— MATERIAL FOR THIS TASK —
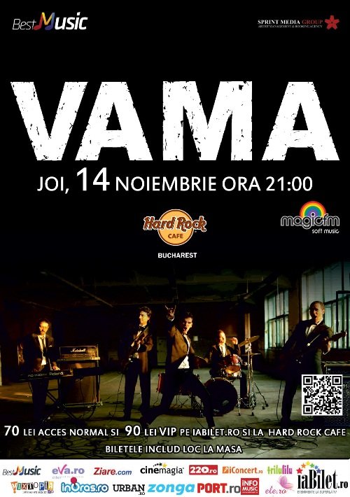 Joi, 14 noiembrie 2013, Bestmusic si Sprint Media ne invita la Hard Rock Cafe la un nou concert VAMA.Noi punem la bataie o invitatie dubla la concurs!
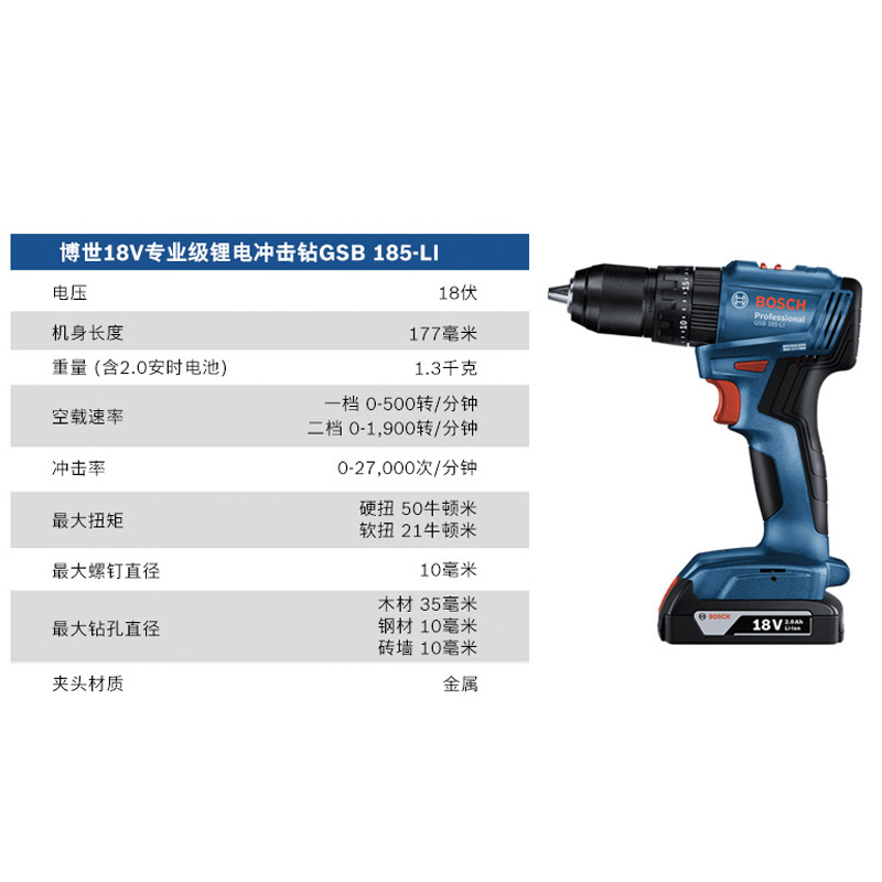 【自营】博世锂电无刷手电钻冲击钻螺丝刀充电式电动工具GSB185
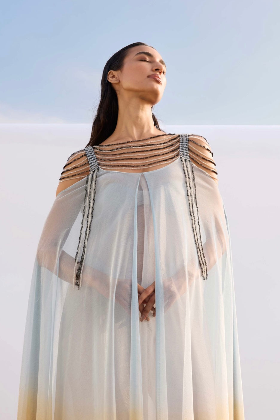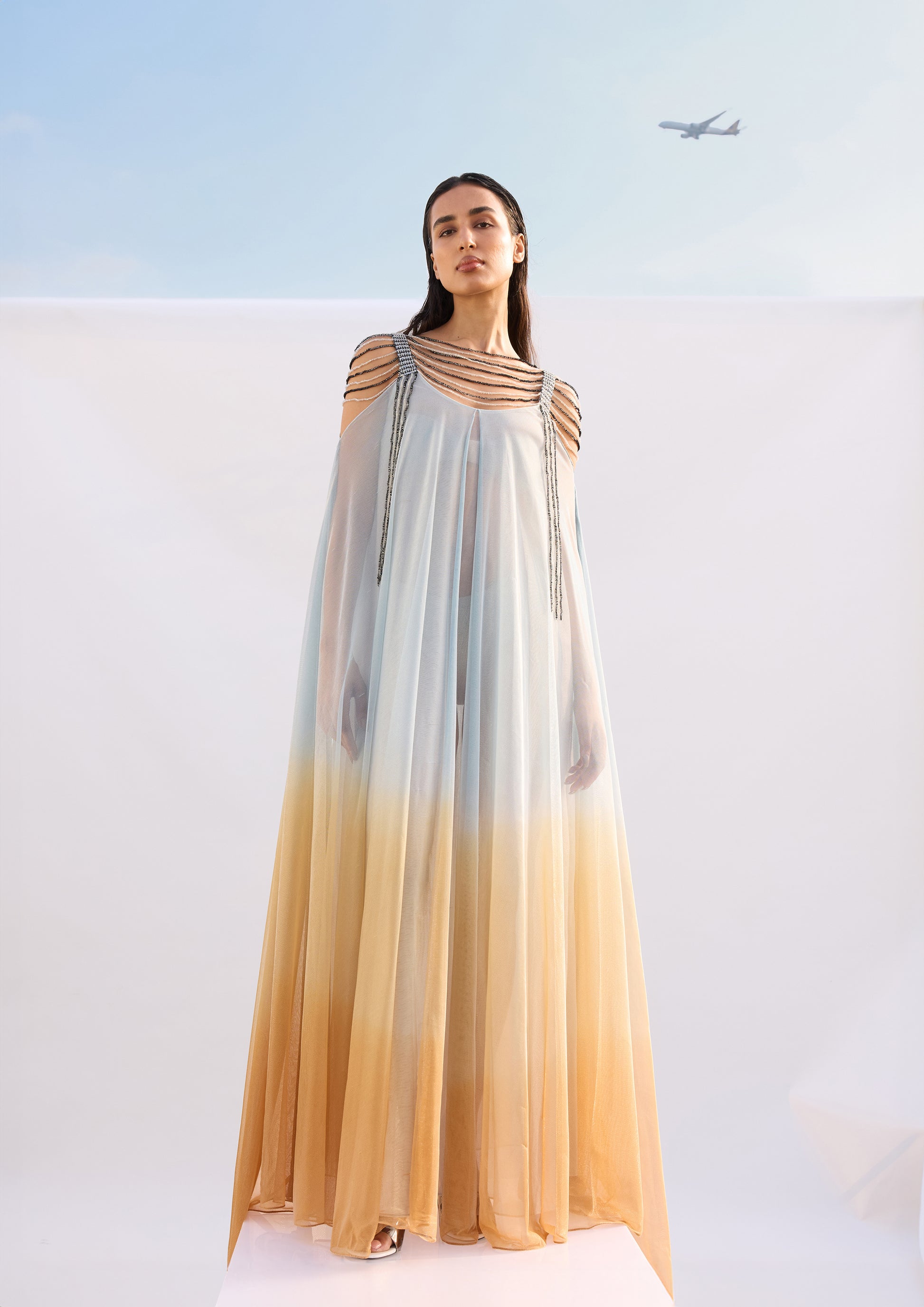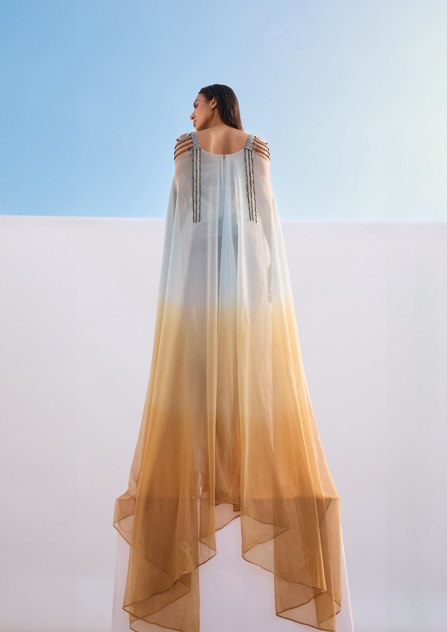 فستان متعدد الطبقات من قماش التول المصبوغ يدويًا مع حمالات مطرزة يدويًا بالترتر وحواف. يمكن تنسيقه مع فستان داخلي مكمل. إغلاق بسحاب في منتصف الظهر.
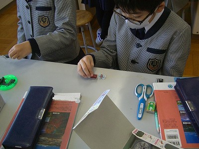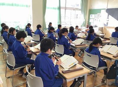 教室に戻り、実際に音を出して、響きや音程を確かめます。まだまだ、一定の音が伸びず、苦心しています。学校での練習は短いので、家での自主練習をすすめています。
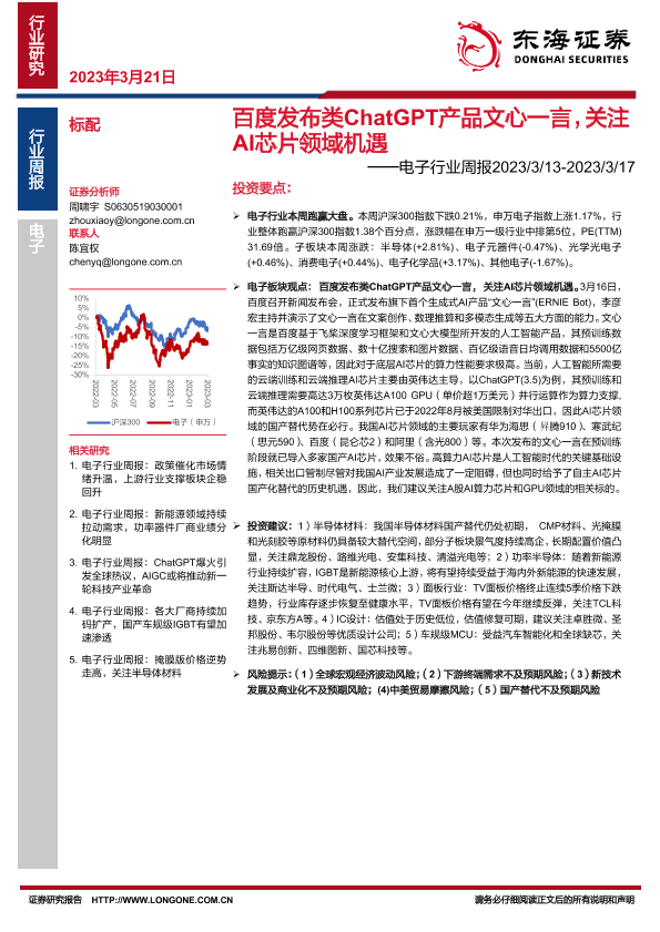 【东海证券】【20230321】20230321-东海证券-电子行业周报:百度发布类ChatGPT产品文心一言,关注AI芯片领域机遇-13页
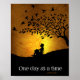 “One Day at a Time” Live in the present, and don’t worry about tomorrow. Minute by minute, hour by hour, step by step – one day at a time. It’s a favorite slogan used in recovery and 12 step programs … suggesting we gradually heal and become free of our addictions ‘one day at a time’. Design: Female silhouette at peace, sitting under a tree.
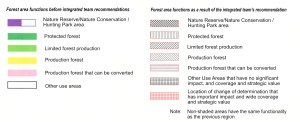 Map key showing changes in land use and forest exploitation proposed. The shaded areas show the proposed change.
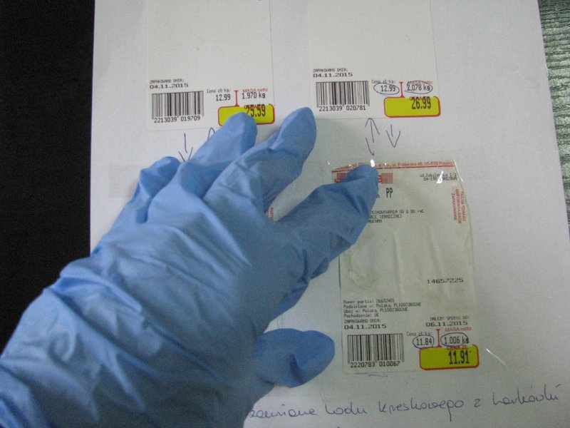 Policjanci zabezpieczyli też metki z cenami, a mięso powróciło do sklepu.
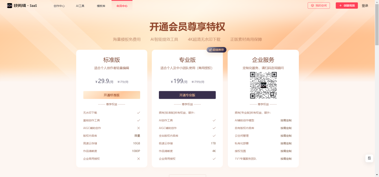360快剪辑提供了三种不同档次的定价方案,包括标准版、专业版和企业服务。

— ACTION ITEM —
Reproduce the listing exactly, minus its pictures.

— EXERCISE OUTPUT —
 Joi, 14 noiembrie 2013, Bestmusic si Sprint Media ne invita la Hard Rock Cafe la un nou concert VAMA.Noi punem la bataie o invitatie dubla la concurs!
 【自营】博世锂电无刷手电钻冲击钻螺丝刀充电式电动工具GSB185
 فستان متعدد الطبقات من قماش التول المصبوغ يدويًا مع حمالات مطرزة يدويًا بالترتر وحواف. يمكن تنسيقه مع فستان داخلي مكمل. إغلاق بسحاب في منتصف الظهر.
 教室に戻り、実際に音を出して、響きや音程を確かめます。まだまだ、一定の音が伸びず、苦心しています。学校での練習は短いので、家での自主練習をすすめています。
 【东海证券】【20230321】20230321-东海证券-电子行业周报:百度发布类ChatGPT产品文心一言,关注AI芯片领域机遇-13页
 “One Day at a Time” Live in the present, and don’t worry about tomorrow. Minute by minute, hour by hour, step by step – one day at a time. It’s a favorite slogan used in recovery and 12 step programs … suggesting we gradually heal and become free of our addictions ‘one day at a time’. Design: Female silhouette at peace, sitting under a tree.
 Map key showing changes in land use and forest exploitation proposed. The shaded areas show the proposed change.
 Policjanci zabezpieczyli też metki z cenami, a mięso powróciło do sklepu.
360快剪辑提供了三种不同档次的定价方案,包括标准版、专业版和企业服务。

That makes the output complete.